- Bhumlu (RM) Location Bhumlu (RM) Bhumlu (RM) (Nepal)
- Coordinates: 27°36′54″N 85°45′07″E﻿ / ﻿27.61500°N 85.75194°E
- Country: Nepal
- Province: Bagmati
- District: Kavrepalanchowk
- Wards: 10
- Established: 10 March 2017

Government
- • Type: Rural Council
- • Chairperson: Mr. Prem Bahadur Bhujel Brihat
- • Vice-chairperson: Mr. Jitendramaan Tamang (Dawa Lama)

Area
- • Total: 91 km^{2} (35 sq mi)

Population (2011)
- • Total: 18,916
- • Density: 210/km^{2} (540/sq mi)
- Time zone: UTC+5:45 (Nepal Standard Time)
- Headquarter: Salle Bhumlu
- Website: bhumlumun.gov.np

= Bhumlu Rural Municipality =

Bhumlu is a Rural municipality located within the Kavrepalanchowk District of the Bagmati Province of Nepal.
The municipality spans 91 km2 of area, with a total population of 18,916 according to a 2011 Nepal census.

On March 10, 2017, the Government of Nepal restructured the local level bodies into 753 new local level structures.
The previous units of local governance, namely Saping, Simthali, Bekhsimle Dhartigaun, Choubas, Salle Bhumlu Kolati Bhumlu, Phalante Bhumlu, Bhumlutar, Jyamdi Mandan and Dolalghat VDCs were merged to form Bhumlu Rural Municipality.
Bhumlu is divided into 10 wards, with Salle Bhumlu declared the administrative center of the rural municipality.

==Demographics==
At the time of the 2011 Nepal census, Bhumlu Rural Municipality had a population of 18,929. Of these, 65.3% spoke Nepali, 24.8% Tamang, 5.0% Majhi, 4.0% Newar, 0.5% Maithili, 0.1% Pahari and 0.2% other languages as their first language.
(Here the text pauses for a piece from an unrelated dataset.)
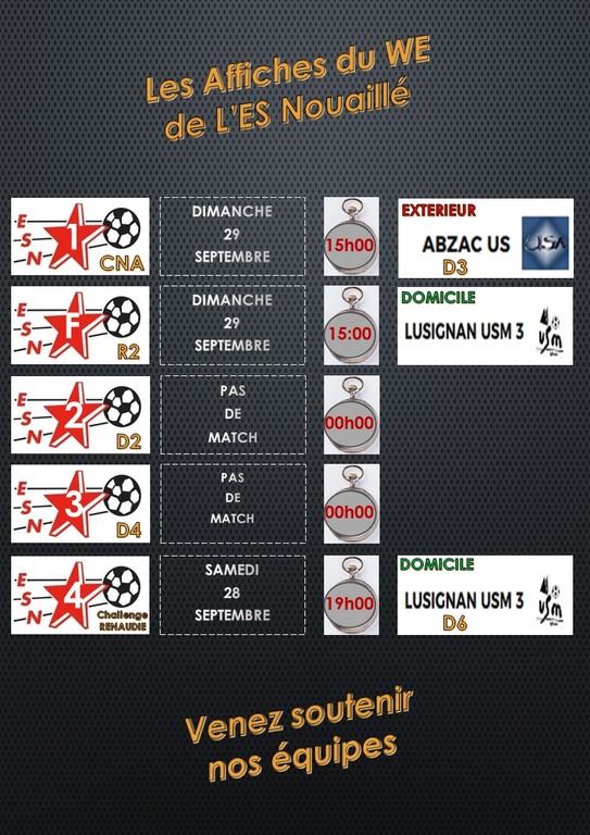 C'est tout d'abord samedi à 19h que la 4 recevra la 3 de Lusignan à l'occasion du 1er match de l'ESN en Coupe Renaudie. Il faudra confirmer le succès en championnat du we dernier !
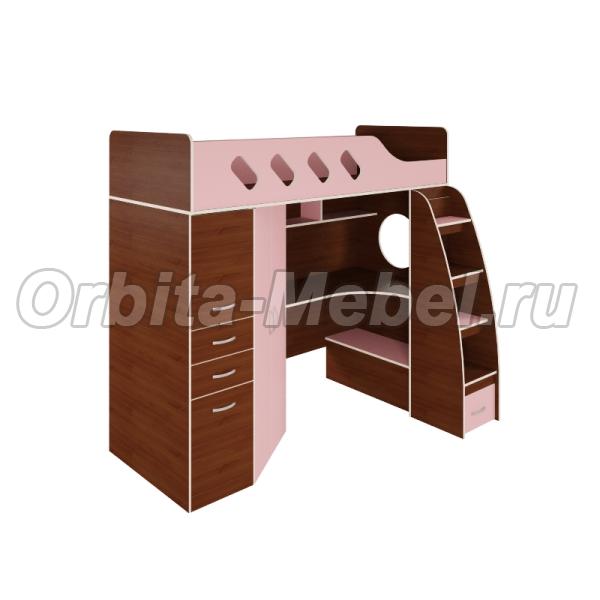 кровать чердак с рабочей зоной Орбита 22 итальянский орех - розовый

In terms of ethnicity/caste, 25.3% were Tamang, 22.8% Chhetri, 13.0% Pahari, 10.0% Hill Brahmin, 7.2% Newar, 6.9% Majhi, 4.0% Kami, 4.0% Sanyasi/Dasnami, 1.6% Sarki, 1.5% Damai/Dholi, 1.4% Gharti/Bhujel, 1.2% Thakuri, 0.2% Bhote, 0.1% Hajam/Thakur, 0.1% Kayastha, 0.1% Magar, 0.1% other Terai and 0.4% others.

In terms of religion, 75.3% Buddhist, 20.8% Hindu, 1.1% Christian, 0.6% Prakriti and 0.3% others.

In terms of literacy, 58.1% could read and write, 3.2% could only read and 38.6% could neither read nor write.